At the February term, 1897, of the Circuit Court of Mason County, the defendant in error brought suit against the plaintiffs in error to recover interest due on a promissory note for $2,524, dated May 14, 1894, and due in six years. The note bore interest at the rate of seven per cent, payable annually, and at the time suit was brought there was two years’ interest due, amounting to $353.36. The damages were laid in the declaration at $500. The case was continued for service on defendants not served until the August term, 1897, at which time another year’s interest had become due. No pleas being filed, judgment by default was entered against the plaintiffs in error for $568.76, being for three years’ interest, and $68.76 in excess of the ad damnum in the declaration.
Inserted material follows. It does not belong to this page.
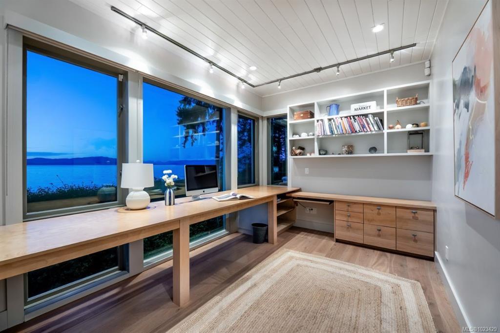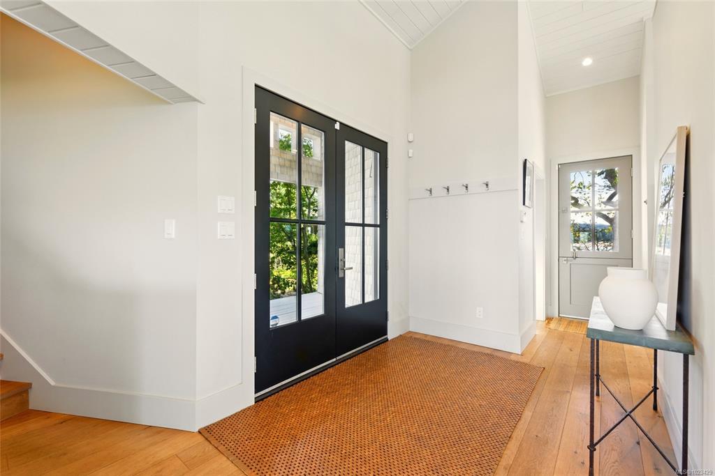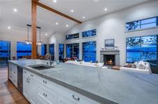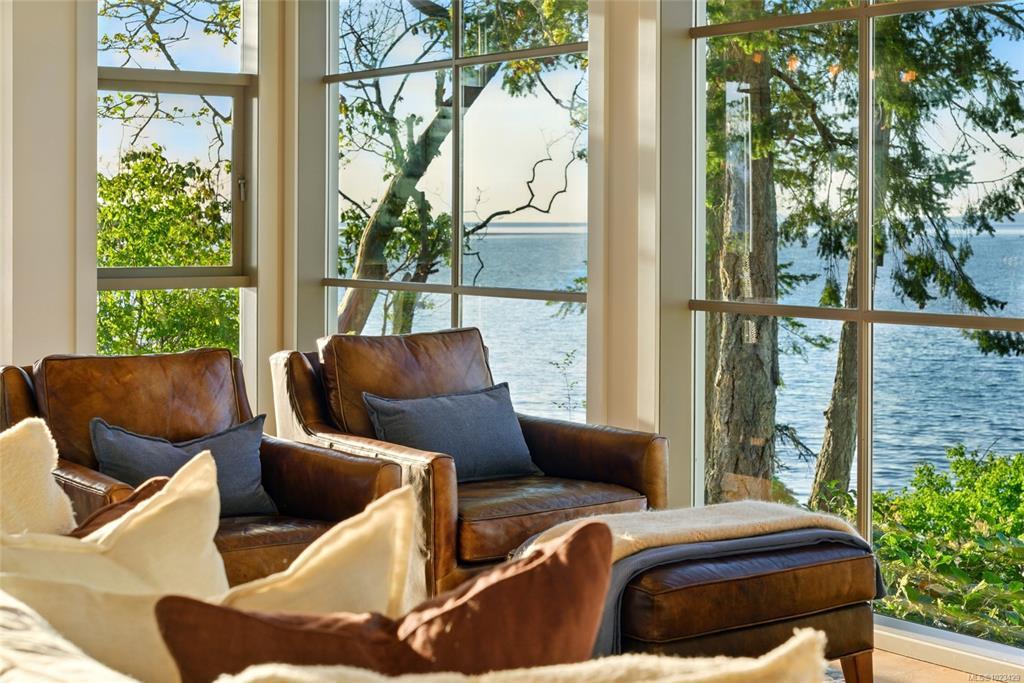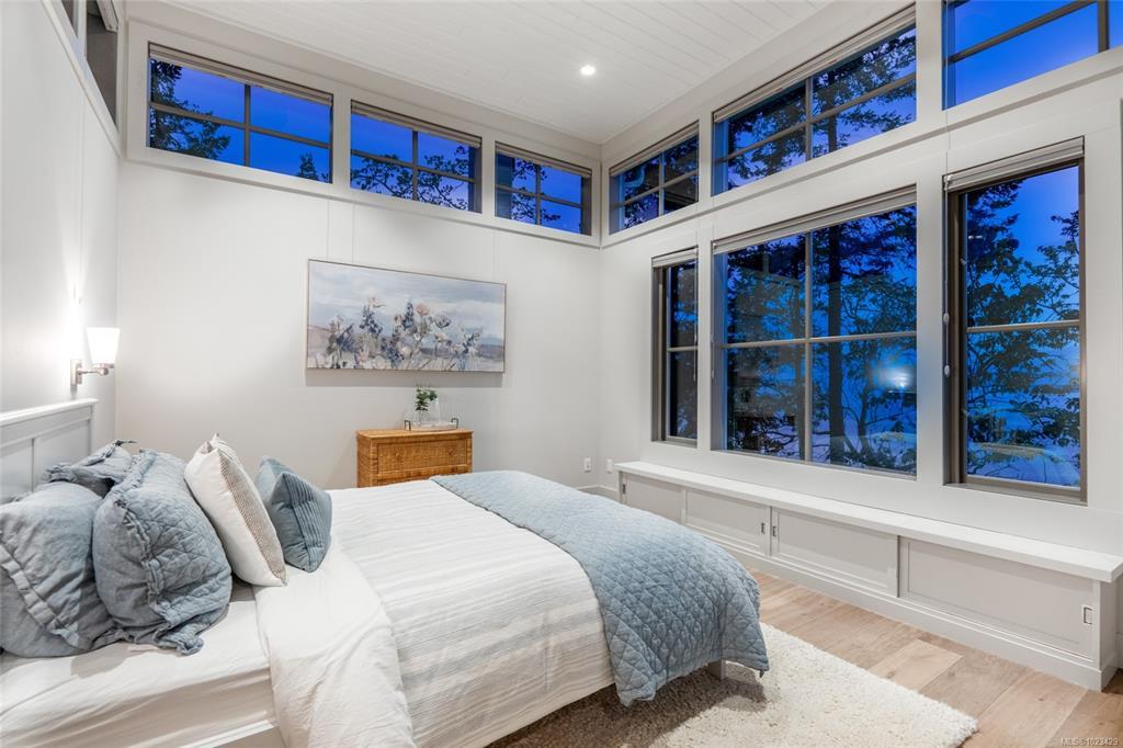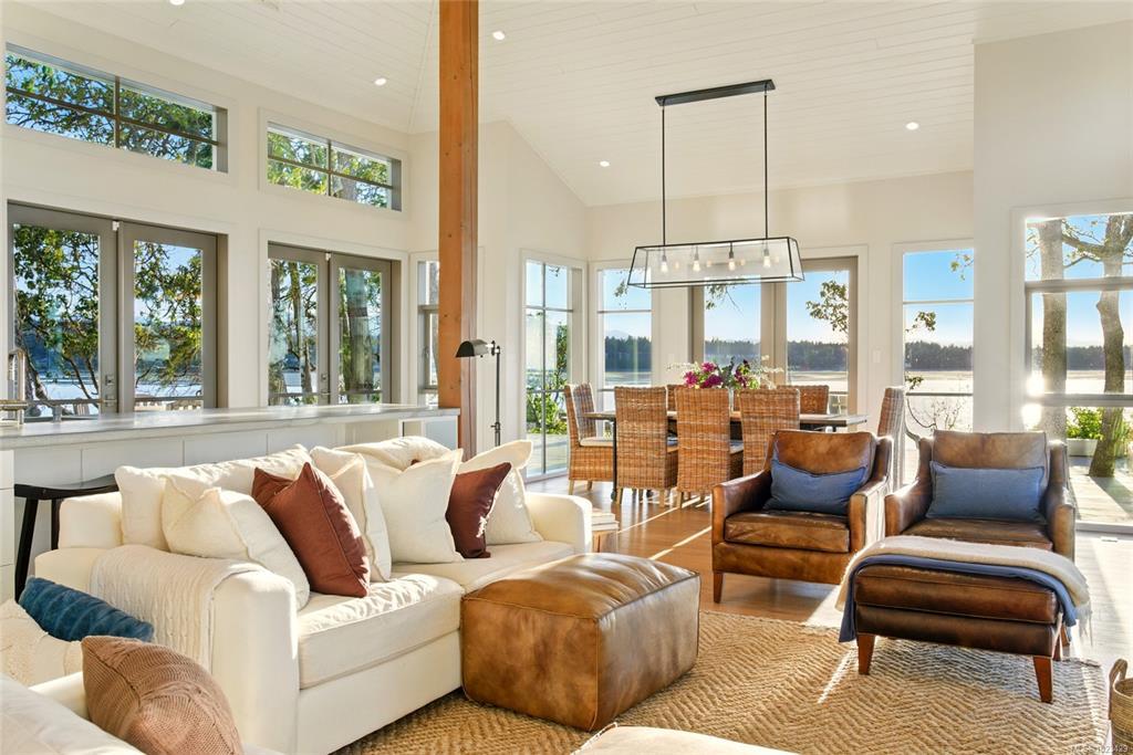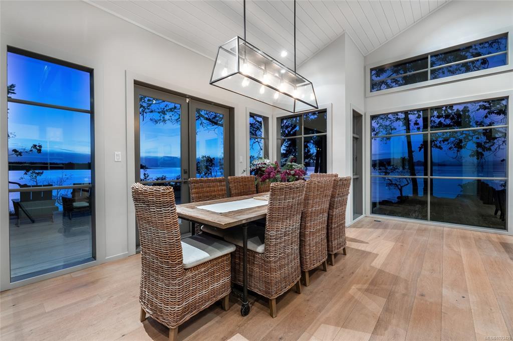 Located at the private tip of Madrona Point, this exceptional Nanoose Bay waterfront residence sits where parkland & the Pacific converge. Set on a tranquil 1/2 acre lot, the home blends classic Cape Cod influence with a refined coastal aesthetic, featuring soaring 14-foot pine ceilings, fir posts, beams & radiant in-floor heating. The open-concept main level is anchored by a striking 12-foot custom concrete island & floor-to-ceiling windows that frame uninterrupted ocean views. A wood-burning fireplace adds warmth to the expansive living area, while 2 generous primary bedrooms offer spa-inspired ensuites & flexible use of space. Outdoor living is defined by 270-degree vistas & terraced irrigated gardens leading to the shoreline, complete with a boat lift for up to a 20-foot vessel. A covered breezeway connects to a charming guest suite with loft accommodations. Just minutes from Qualicum Beach Airport with easy access to Helijet & BC ferries, this is the pinnacle of West Coast luxury.

The judgment is erroneous, for two reasons: It exceeds the ad damvnum in the declaration. It is reversible error to enter judgment for a greater amount than is claimed in the plaintiffs’ declaration. Hichins v. Lyon, 35 Ill. 150; Altes v. Hinckler et al., 36 Ill. 275; Kelly v. National Bank, etc., 64 Ill. 541.
It includes a year’s interest that was not due at the time suit was commenced. It is well settled that a party can not recover for money not due at the time of instituting suit.
The judgment will be reversed and the cause remanded.